Using the Fall Equinox as a metaphor for balance and transition, this episode explores the zombie as a symbol of living half-alive—rooted in histories of slavery, colonialism, and extracted labor, and echoed today in grind culture, numb relationships, rote spirituality, and digital overload. Tracing the zombie from its Afro-Caribbean origins to modern pop culture, we ask where we’ve become zombified in our own lives—and offer the remedy: reclaiming faith as trust and aliveness as presence, creativity, and vitality, so we can move from survival back into balance.

Episode 3.

This episode examines why so many of us feel exhausted and limited in capacity by redefining “deficiency” not as personal failure, but as a loss of choice shaped by systems, history, and inherited responsibility. Raquel and Sarah explore how economic, emotional, digital, spiritual, and cultural deficiencies are produced by structures that limit time, access, ownership, and agency—especially for marginalized communities—and how this leads to burnout, numbness, addiction, and living on autopilot. The conversation closes with a path toward balance: reclaiming ownership through boundaries, redefining what is truly ours to carry, rebuilding trust in ourselves, and offering grace for the realities we cannot fix all at once.

Episode 6.

This episode examines how political correctness, originally rooted in respect and inclusion, has evolved into a culture of self-censorship that limits honest dialogue, emotional resilience, and real connection. Raquel and Sarah explore how globalized technology has expanded what we’re expected to care about far beyond human capacity, leaving younger generations hyper-aware but under-equipped, scattered, and depleted. The conversation argues that true inclusion and compassion come not from silencing or performative correctness, but from curiosity, empathy, and the courage to engage with truth—even when it’s uncomfortable—while honoring our limits and our right to change.

Episode 5.

This episode explores what it truly takes to stay alive in a world that rewards survival over vitality. Raquel and Sarah challenge the idea that individuals are broken, reframing burnout, masking, and “coping mechanisms” as logical responses to environments that undermine nourishment, purpose, and agency. Through three core practices—purpose, presence (death of outdated roles), and prosperity—they guide listeners from routine-driven survival toward self-directed aliveness, redefining success beyond productivity and paychecks and reclaiming meaning as a lived, embodied practice rather than something outsourced to systems.

Episode 7.

This conversation dives into darkness as a necessary stage of growth, using winter, death, and seed-breaking as metaphors for incubation, rooting, and transformation. Raquel and Sarah reframe periods of forced stopping—layoffs, illness, endings, uncertainty—not as failure, but as corrective “winters” that restore depth, clarity, and alignment when life becomes overextended or zombified.

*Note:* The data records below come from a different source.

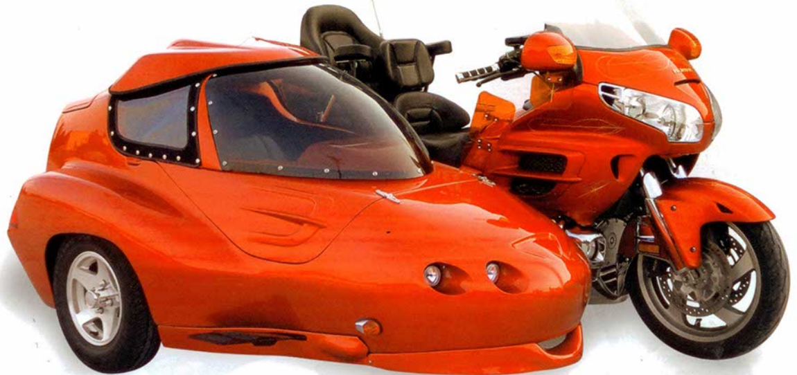
GTL Open Concept with Removable Soft Windows & Hard Top Roof
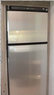
FURRION STAINLESS STEEL, 12V REFRIGERATOR-FREEZER
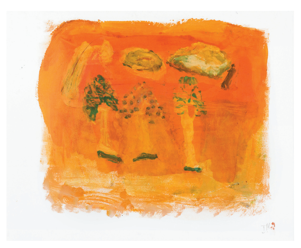
Landscape Flags Kimberley 4 2014 monotype 75 x 92cm framed
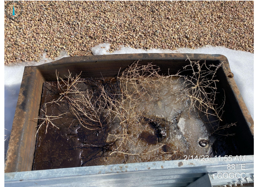
Photos 14 & 15. Facing northwest and east at the tank battery. Photos illustrates oil stained soil (left) and oily waste (right) that needs to be properly disposed of.
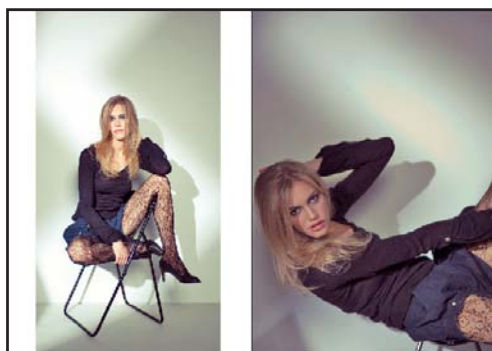
Pullover TALISA AW1011-080 col.900 Jeansshorts SILJA AW1011-100 col.392
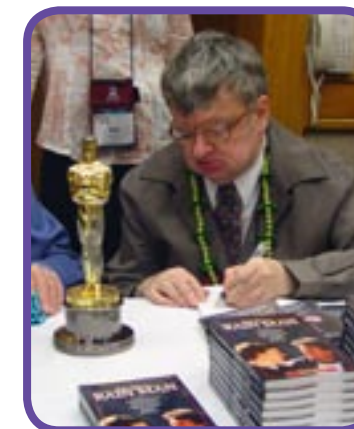
Kim Peek, inspiration for the movie Rainman . Keynote Speaker for Pac Rim 2007.

A premier venue for sharing diverse perspectives, stimulating new thinking and crafting workable solutions—locally, nationally and globally. Over 180 workshops, panels and presentations.
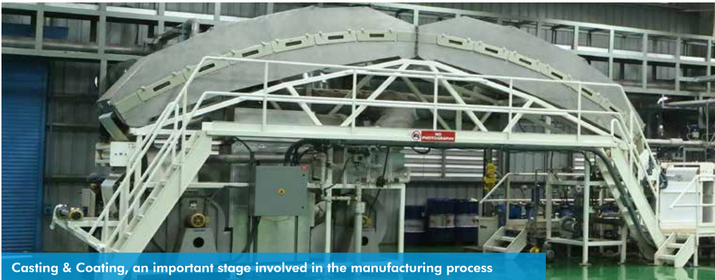
Casting & Coating, an important stage involved in the manufacturing process
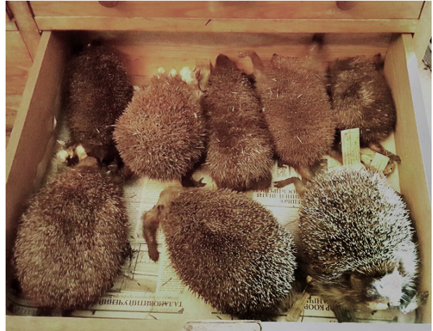
Fig. 2. Fragment of the collection of family Erinaceidae in the scientific zoological repositories.

Рис. 1. Фрагмент колекції ссавців ряду Chiroptera в наукових фондах музею.
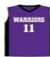
#12 Jersey BLACK & Purple

Name: _____ Teacher: _____ Room #: _____
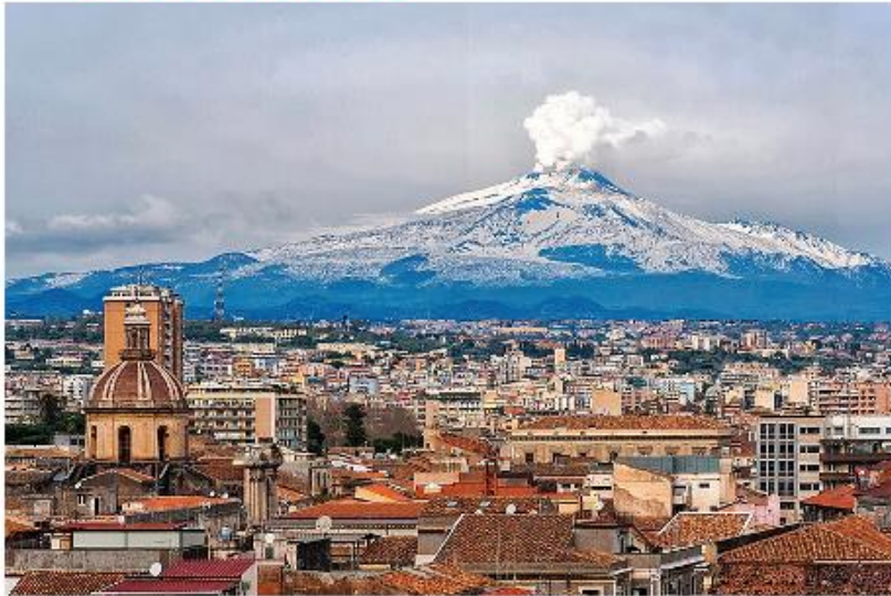
Volcano Etna (Catania, Sicily)
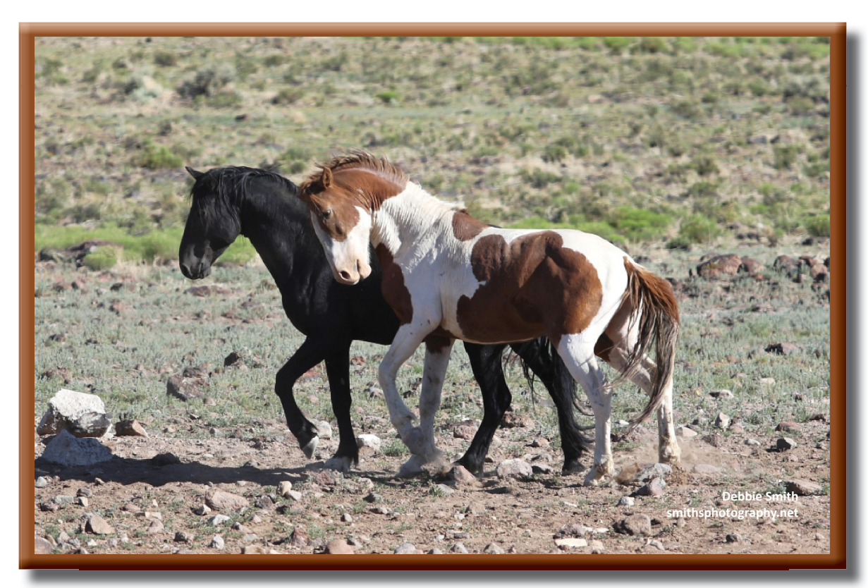
Coal and Shanan
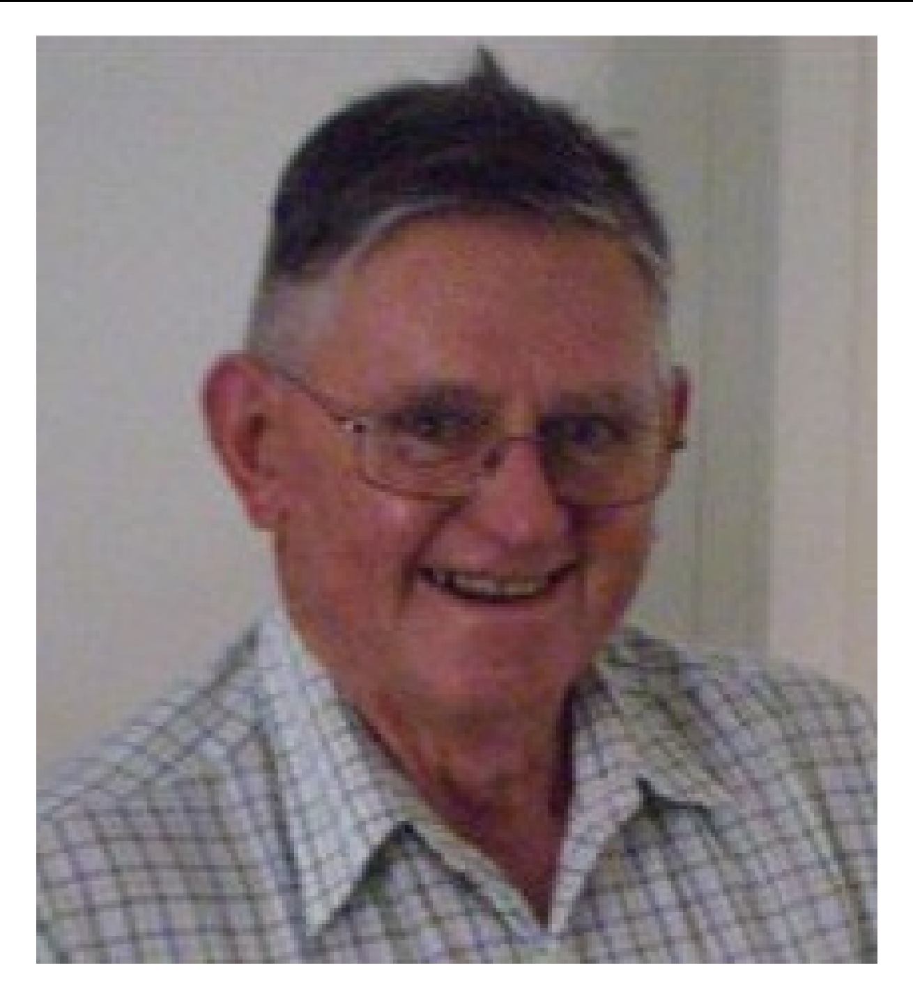
Thank you for your presence here today.

Your expressions of sympathy, support and friendship is greatly appreciated.
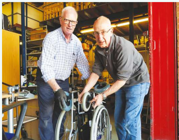
Thank you to all our volunteers at the warehouse!

God has also been working behind the scenes at our warehouse. Over the past two years we have seen many volunteers give up their time to go every Wednesday, clean
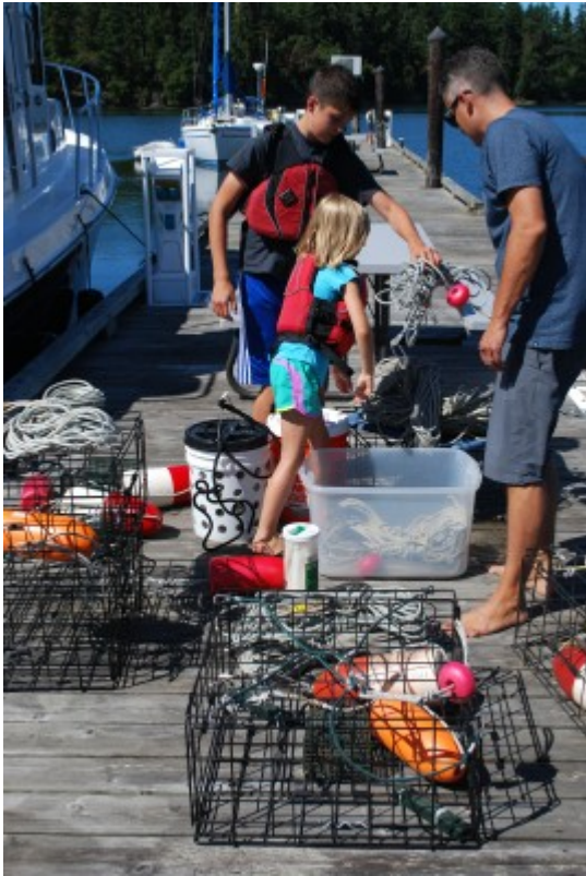
Getting ready for crabbing
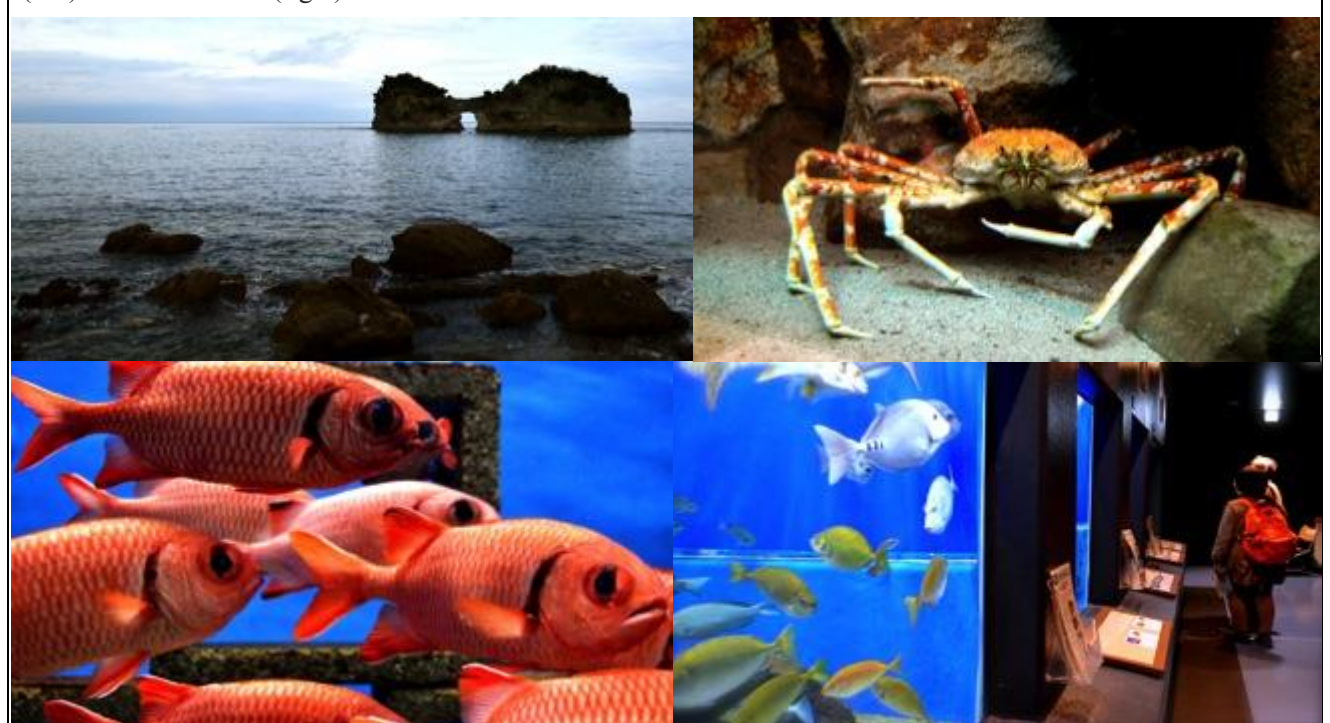
Fig. 2. Seto Marine Biological Laboratory. Engetsu Island (upper left corner) and Shirahama Aquarium.
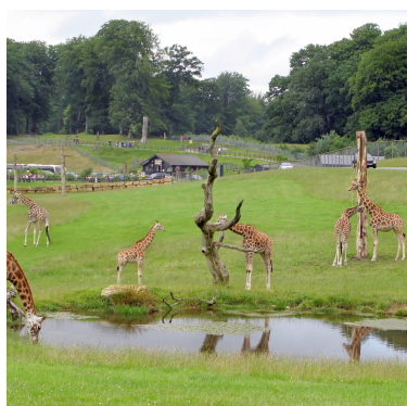
ZOO 12 km from the Montownia

Functional training center in Gdańsk located in the former "BioBazar" at Doki 1 Street, in the center of the historic shipyard areas.
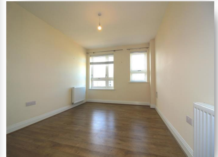
Flat 24 Heathland Court, 3 Grebe Way, Maidenhead SL6 8DE
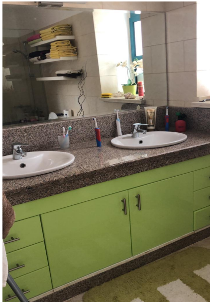
Bathroom with 2 washbasin and bath tub
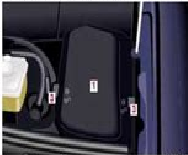
1 - Fuse box in engine compartment, left-hand side 3 - Tabs
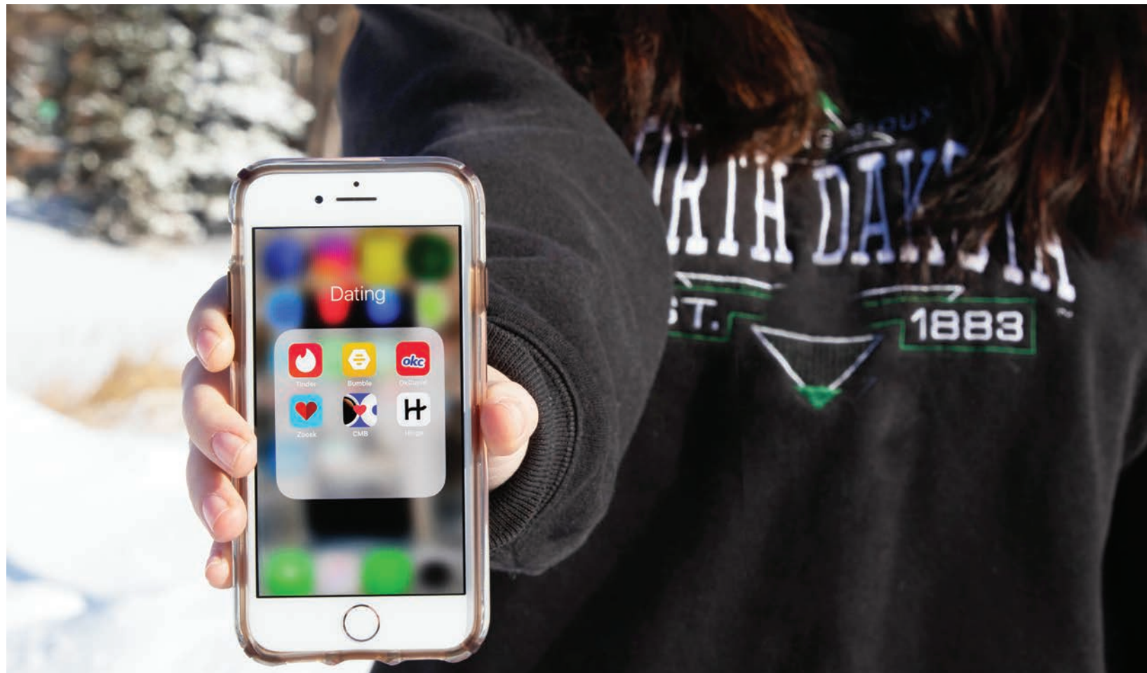
There is a wide variety of dating apps for all audiences.

North Dakota is ranked as the state with the lowest gender balance of singles, meaning there are more male or female singles than those who are male or female in committed relationships. North Dakota was also ranked with the fewest restaurants
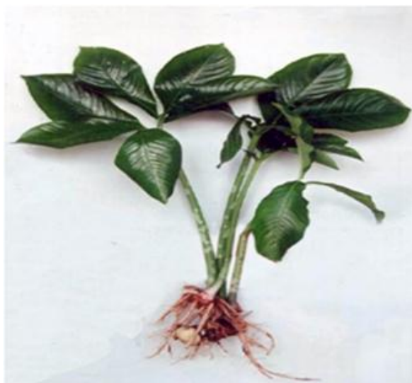
Fig:- (a) :- A. Campanulatus (Roxb.)
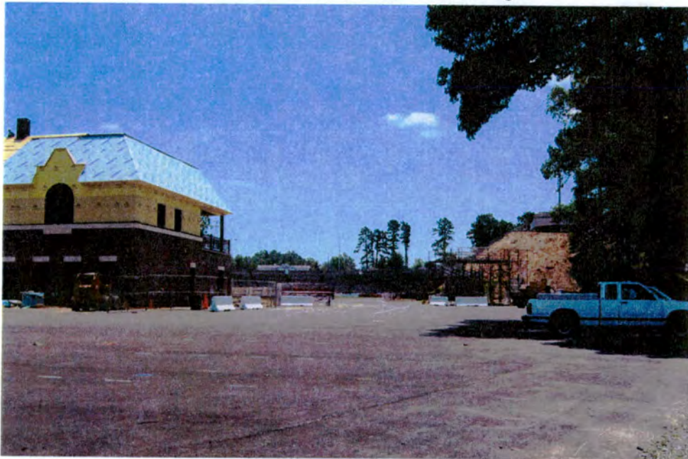
Figure 23: Facing south-southeast into stadium with northwest corner of fieldhouse in the left side of the image
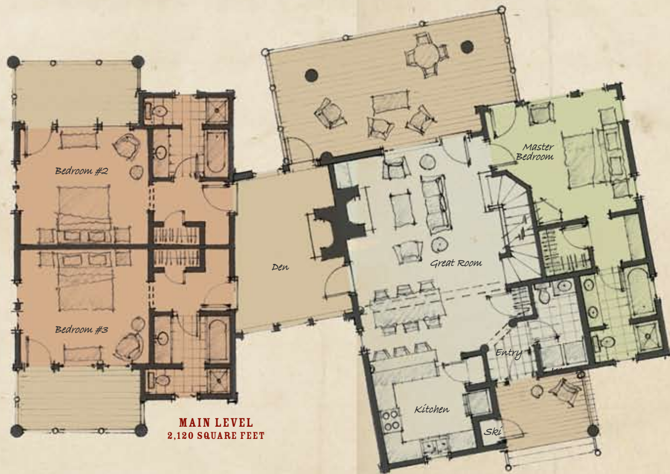
MAIN LEVEL 2,120 SQUARE FEET
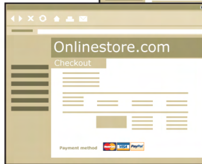
The PayPal acceptance mark in a checkout
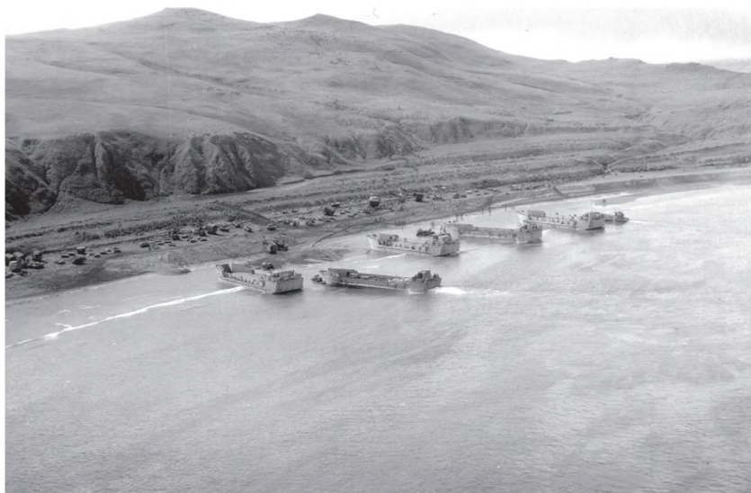
Canadian and US forces landing at Kiska, August 19437.
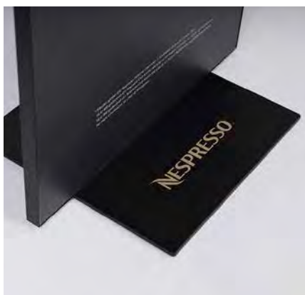
Printed logo on the baseplate

The episode examines our discomfort with death, endings, and the unknown, showing how clinging to old identities, control systems, and certainty keeps us half-alive, while surrender, silence, and letting chapters fully close creates space for rebirth. Moving beyond dualism (light vs. dark, right vs. wrong), the conversation points toward integration—learning to hold paradox, grief, and complexity—as the next stage of personal and societal maturity, where rootedness, humility, and collective responsibility replace fear, projection, and false control.

Episode 2.

In this episode, Raquel and Sarah explore how an entire generation became exhausted—not from personal failure, but from the world we inherited. They trace millennial burnout to global systems, generational survival strategies, and nonstop technological and economic pressure, reframing our collective fatigue as a logical response to unprecedented upheaval.

“Imagination is not only the uniquely human capacity to envision that which is not, and therefore the fount of all invention and innovation. In its arguably most transformative and revelatory capacity, it is the power to that enables us to empathize with humans whose experiences we have never shared.”